III. The application and amortisation of the Tax Credit

3.1 Conditions of application and deduction limits

The Tax Credit (or Investment Credit) is a benefit of a deductible nature, applied directly to the IUR/IRPC tax. The CBF details the conditions under which this deduction is allowed, namely within the scope of incentives under the Single Income Tax.  

A general condition for access to tax benefits is the need for acceptance by the competent municipal body. This gives local councils a role in approving the tax component of investments, namely the exemption from the Single Property Tax (IUP) on the purchase of property exclusively for the project.  

Summary of the main tax incentives

3.2 Deduction of losses and Carry-Forward

One of the most important characteristics of the Tax Credit in Cape Verde is its flexibility of use over time (phenomenon of carry-forward). The contractual tax benefit, granted for a period of up to 10 years , can take the form of Collection Deduction or Deduction from the tax base.  

In situations where the collection of Single Income Tax in a given year is insufficient to fully deduct the amount of tax credit to which the investor is entitled, the portion not utilised (not deducted) can be deducted from the collection of one of the following fifteen subsequent financial years. This legal provision ensures that the tax benefit of the Investment Credit is not lost due to insufficient profits in the first few years of operation, guaranteeing that the incentive is fully utilised.  

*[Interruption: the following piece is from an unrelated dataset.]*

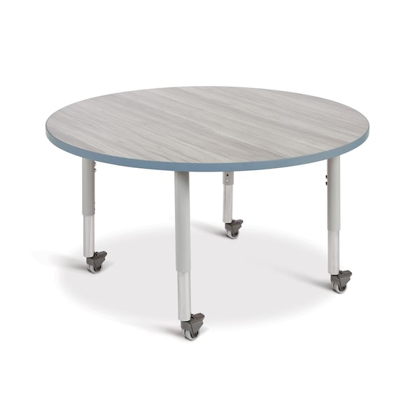 Berries Round Activity Table, 48 in. Diameter, Mobile, Driftwood Gray/Coastal Blue/Gray

3.3 Other integrated social benefits

The tax incentive scheme focuses not only on capital, but also on social and labour impact. The CBF provides for tax benefits of a social nature , such as collection deduction for each job created in certain municipalities, with the amount varying (e.g. 30,000 escudos per job created in other municipalities). Eligibility for the Tax Credit is therefore reinforced by demonstrating a multiplier effect on employment and social development.  

IV. Conclusions and strategic implications

The Investment Tax Credit in Cape Verde represents a powerful tax relief at the start of activity, operating as a form of state participation in the risk of productive capital.

Success in obtaining this benefit requires an investment planning strategy that links up with the administrative system:

  1. Institutional alignment: The investor must formalise the project through CV TradeInvest's One Stop Shop, which is the only channel for accessing the incentives.  
  2. Proof of Relevance: Projects that exceed the minimum investment and employment thresholds (criteria for 5 billion escudos and 50 jobs in non-priority regions ) should request and negotiate a Establishment Agreement. This agreement is the legal means of formalising the Investment Credit or the Collection Deduction for a period of up to 10 years.  
  3. Amortisation planning: The ability to deduct unused credit for up to 15 years mitigates the risk of not obtaining the benefit in the early years and allows for long-term tax planning to optimise the return on invested capital.  

The Investment Tax Credit, as a form of deduction from the IUR tax, is the centrepiece of Cape Verde's incentive policy for long-term capital, but it requires a rigorous process of analysis. compliance and contract negotiations.